On constructing benchmark quantum circuits with known near-optimal
transformation cost
- URL: http://arxiv.org/abs/2301.08932v1
- Date: Sat, 21 Jan 2023 10:05:51 GMT
- Title: On constructing benchmark quantum circuits with known near-optimal
transformation cost
- Authors: Sanjiang Li, Xiangzhen Zhou, Yuan Feng
- Abstract summary: This paper proposes a novel method for constructing benchmark circuits to evaluate quantum circuit transformation algorithms.
benchmarks have known near-optimal transformation costs and thus are called QUEKNO.

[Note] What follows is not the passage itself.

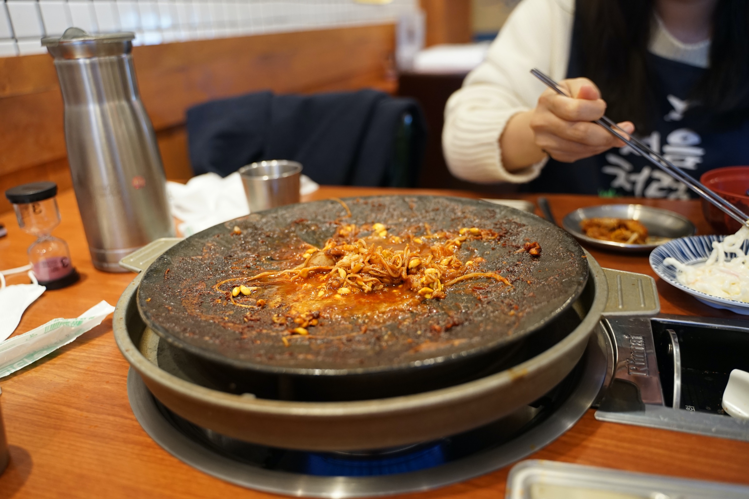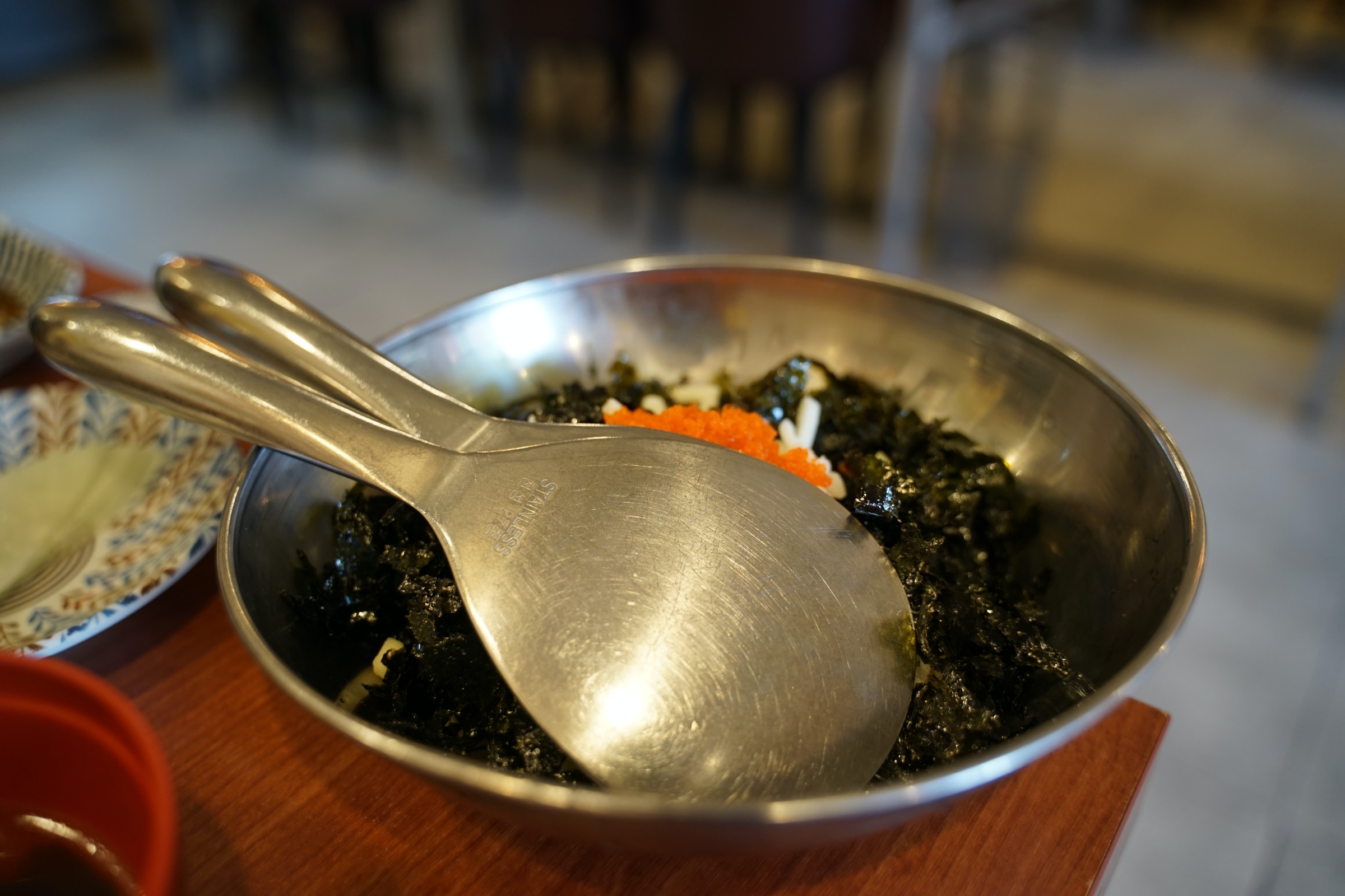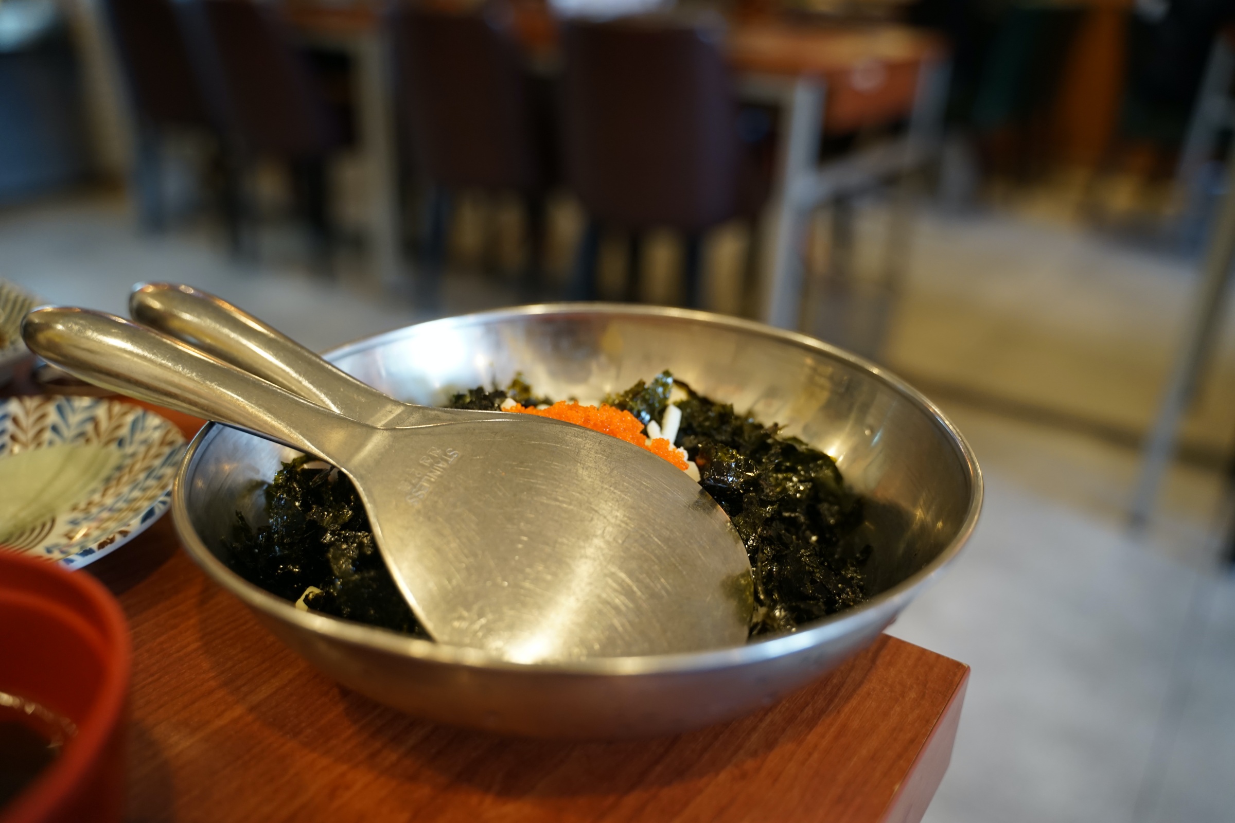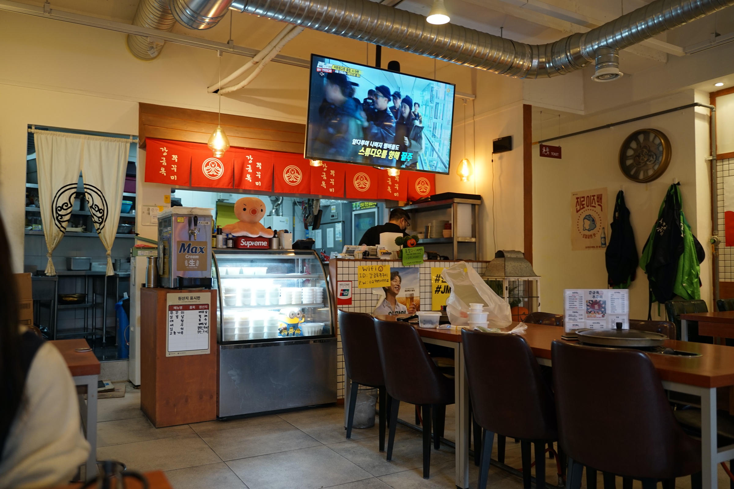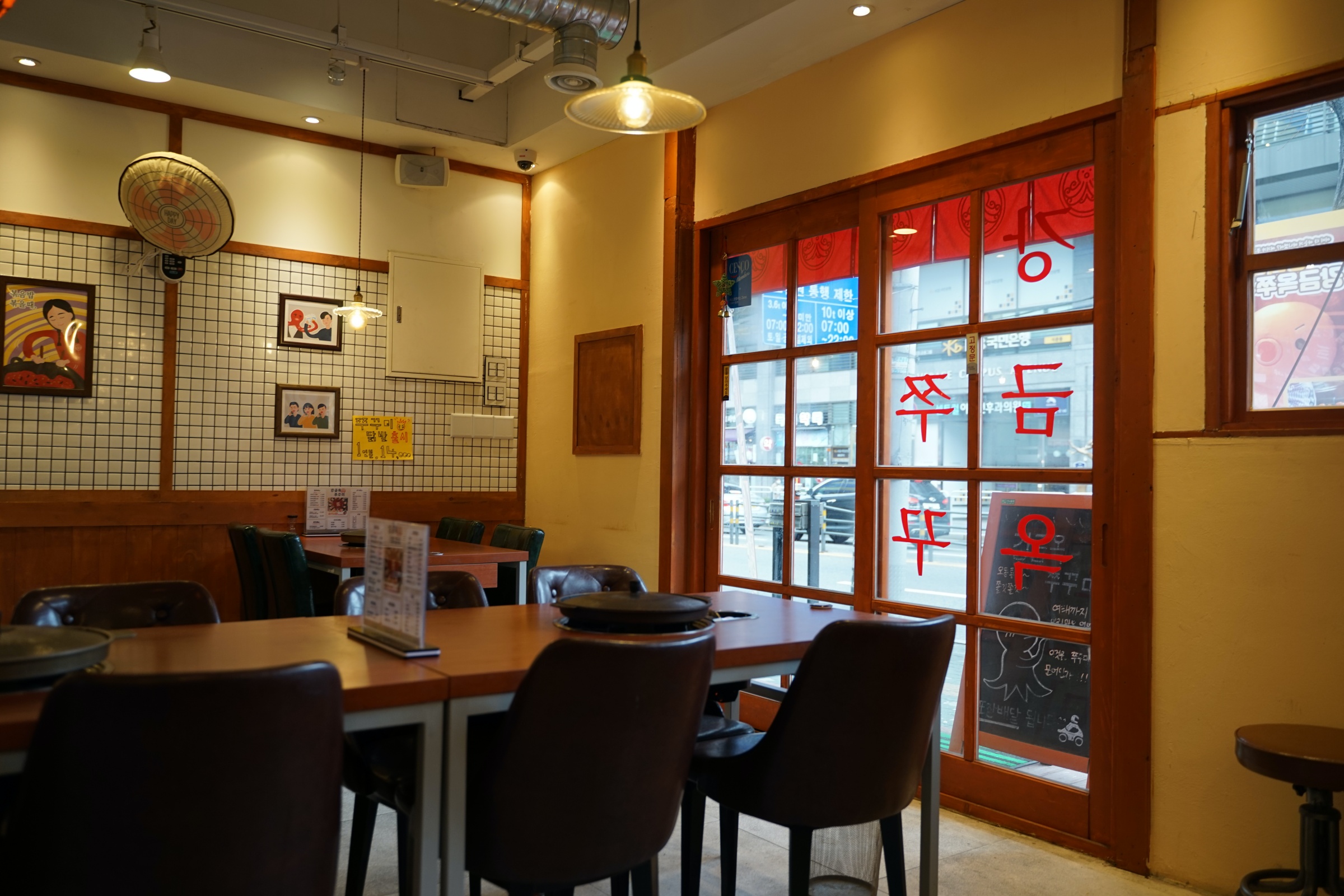 뭐랄까 약간 새마을식당의 좀 더 깔끔한 버전? 새마을식당이 아예 대놓고 동그란 철 책상 같은 걸로 80-90년대 느낌을 주려고 했다면, 여기는 거기보다는 몇 년 뒤 느낌이랄까. 암튼 그런데 깔끔하고 좋습니다.

Our evaluation results show that SABRE can generate transformations with conspicuously low average costs on the 53-qubit IBM Q Rochester and Google's Sycamore.
- Score: 6.72166630054365
- License: http://creativecommons.org/licenses/by/4.0/
- Abstract: Current quantum devices impose strict connectivity constraints on quantum
circuits, making circuit transformation necessary before running logical
circuits on real quantum devices. Many quantum circuit transformation (QCT)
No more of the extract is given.